Cell happens to be a fairly straightforward abstraction in biology. If you however more a bit further out to concepts like muscle things become less clear.

A layperson might think that a muscle is a unit that can be activated as one unit. That's not true and it's possible to activate parts of a muscle. The unit of a muscle comes from what makes sense for surgeons to cut with knifes. It's quite possible that in many applications where you don't cut people apart with knifes you could find a better abstraction.

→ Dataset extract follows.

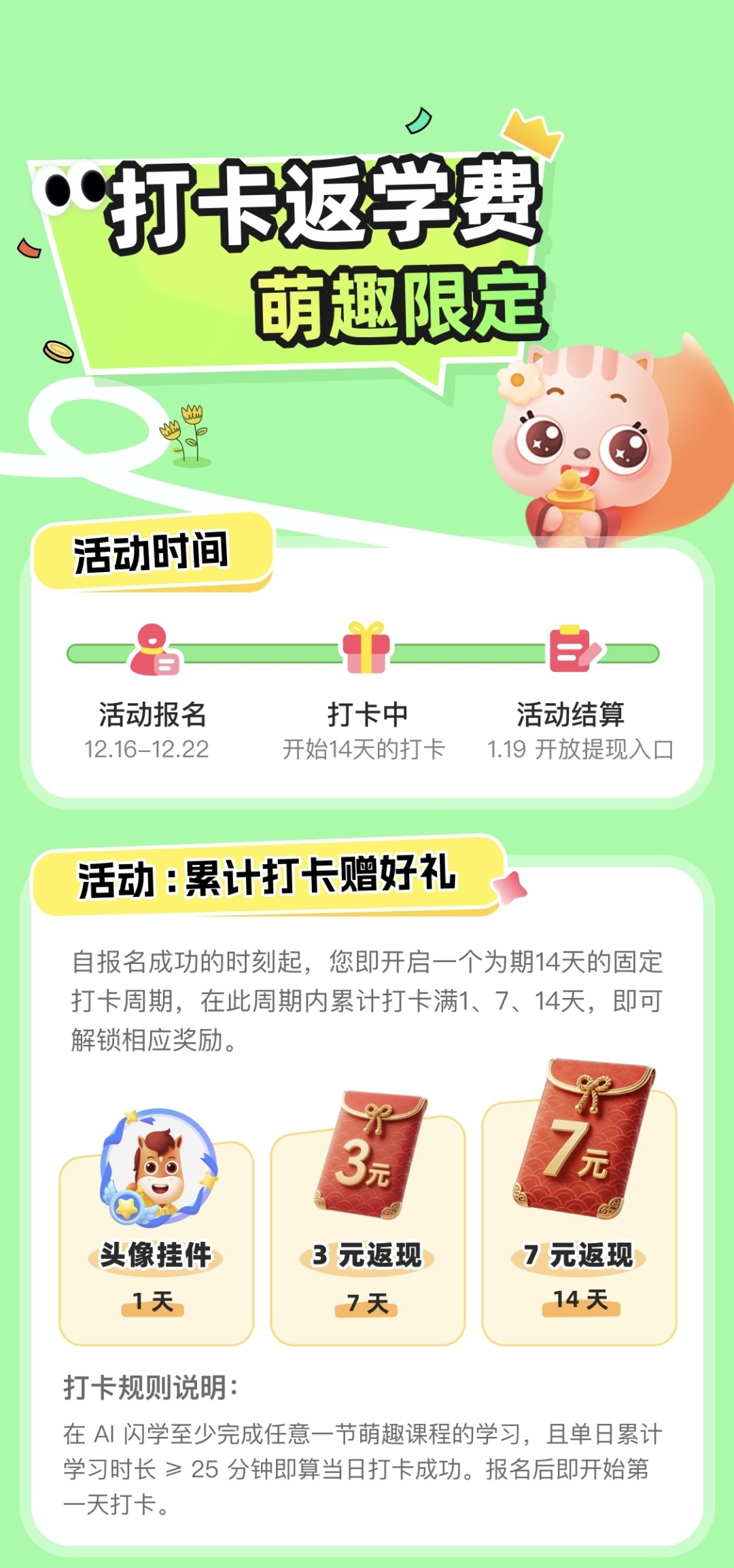 2、在 AI 闪学完成任意萌趣课,单日学够25分钟 = 打卡成功✅
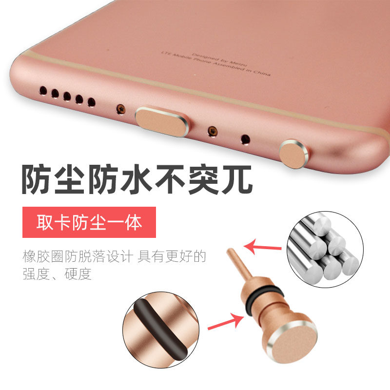 Red dust stopper 1 blue dust stopper 1 powder gold dust stopper 1 black dust stopper 1 silver dust stopper 1 gold dust stopper 1 red anti-dust plug 1 headphone dust stopper 1 containing box blue dust stopper 1

After ICD-10 added important classifications such as W59.22 Struck by turtle our main ontology for illnesses, the ICD-11 just added SG29 Triple energizer meridian pattern and SF57 Liver qi stagnation pattern I think it's clear that there are many possible ways to model reality.

[-]rosso6y60

I don't completely agree with your characterisation "[math] seems to have gotten it impossibly right the first time around" of how we got the current abstractions in mathematics. Taking your example of analysis, 1) Leibniz and Newton put forward different ideas about what the operation of taking a derivative meant, with different notations 2) there was a debate over (two) centuries before the current abstractions were settled on (the ones that are taught in undergraduate calculus) 3) in the 60s famously "non-standard analysis" was developed, to give an example of a radical departure, but it hasn't really caught on.

Still within analysis, I would point out that it's common(-ish?) to teach two theories of integration in undergraduate math: Riemann and Lebesgue. Riemann integration is the more intuitive "area of thin rectangles under the curve" and is taught first. However, the Lebesgue integral has better theoretical properties which is useful in, for example, differential equations. And beyond undergraduate, there are conceptions of limits in topology and category theory also.

Overall, I'd agree that the rate of trying out new abstractions seems to be lower in mathematics than programming, but as another commenter pointed out, it's also much older.

A second point is that the relevant distinction may be teaching mathematics vs research mathematics. It seems to me that a lot more theories are tried out on newer mathematics in topics of active research than in teaching the unwashed hordes of non-math-major students.

[-]George3d66y30

I mean, I basically agree with this criticism.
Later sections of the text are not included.